* _TASK DATA_:
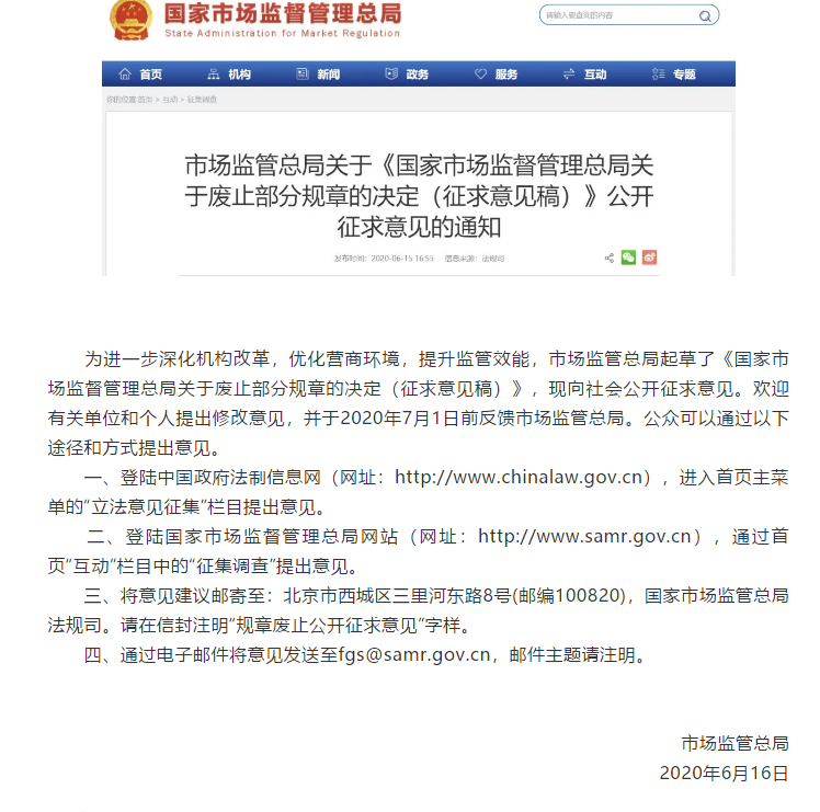 近日,市場監(jiān)管總局發(fā)布通知,為進(jìn)一步深化機(jī)構(gòu)改革,優(yōu)化營商環(huán)境,提升監(jiān)管效能,市場監(jiān)管總局起草了《國家市場監(jiān)督管理總局關(guān)于廢止部分規(guī)章的決定(征求意見稿)》,現(xiàn)向社會(huì)公開征求意見。征求意見的截止日期為2020年7月1日。其中涉及兩部計(jì)量規(guī)章:《社會(huì)公正計(jì)量行(站)監(jiān)督管理辦法》,《計(jì)量檢定人員管理辦法》
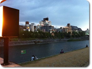 鴨川には、沢山のカップルが等間隔に座り・・・
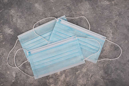 Standard 3-ply face masks as protection during the pandemic on light brown background. Selective focus
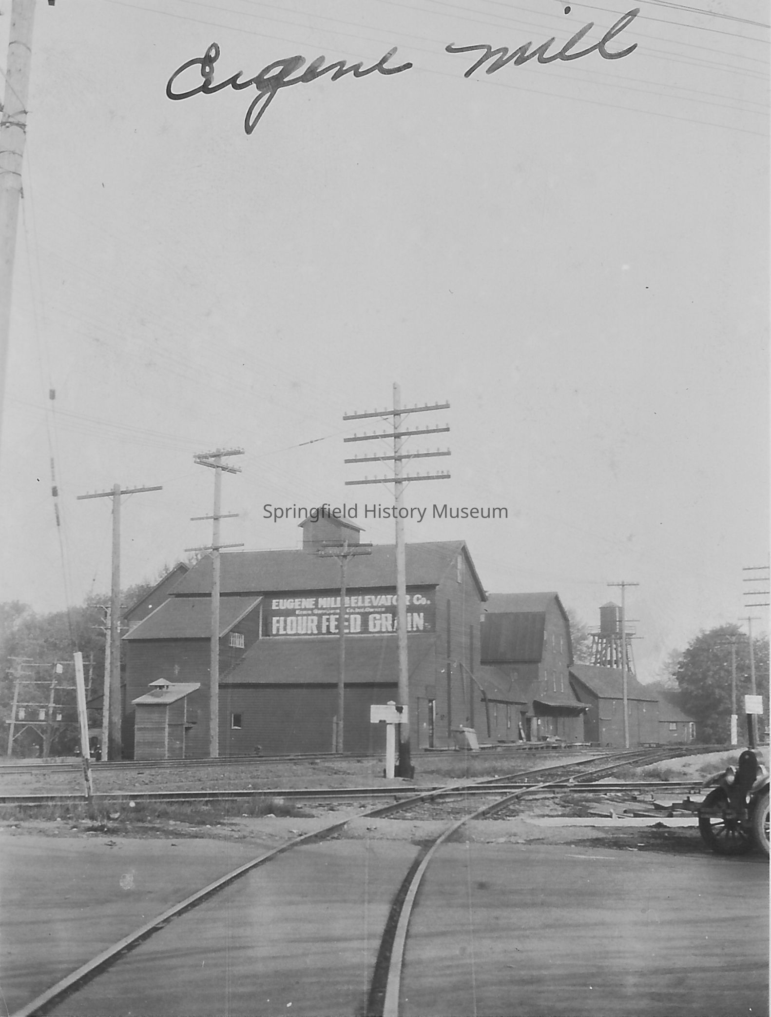 The Eugene Mill and Elevator Company building, railroad tracks running in front of the building, no date.Collection
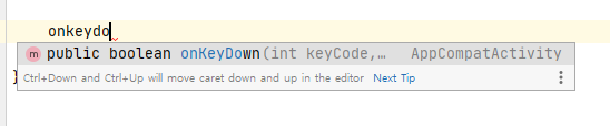 안드로이드 스튜디오에서 ctrl + 스페이스를 누른 상태에서 onkeyd까지 입력하면 onKeyDown 자동완성이 뜬다

* _WORK TASK_: All pictures must be left out. Reproduce exactly the lines from the one containing "Standard 3-ply face" to the final line of the entries.

* _RESPONSE BOX_:
 Standard 3-ply face masks as protection during the pandemic on light brown background. Selective focus
 The Eugene Mill and Elevator Company building, railroad tracks running in front of the building, no date.Collection
 안드로이드 스튜디오에서 ctrl + 스페이스를 누른 상태에서 onkeyd까지 입력하면 onKeyDown 자동완성이 뜬다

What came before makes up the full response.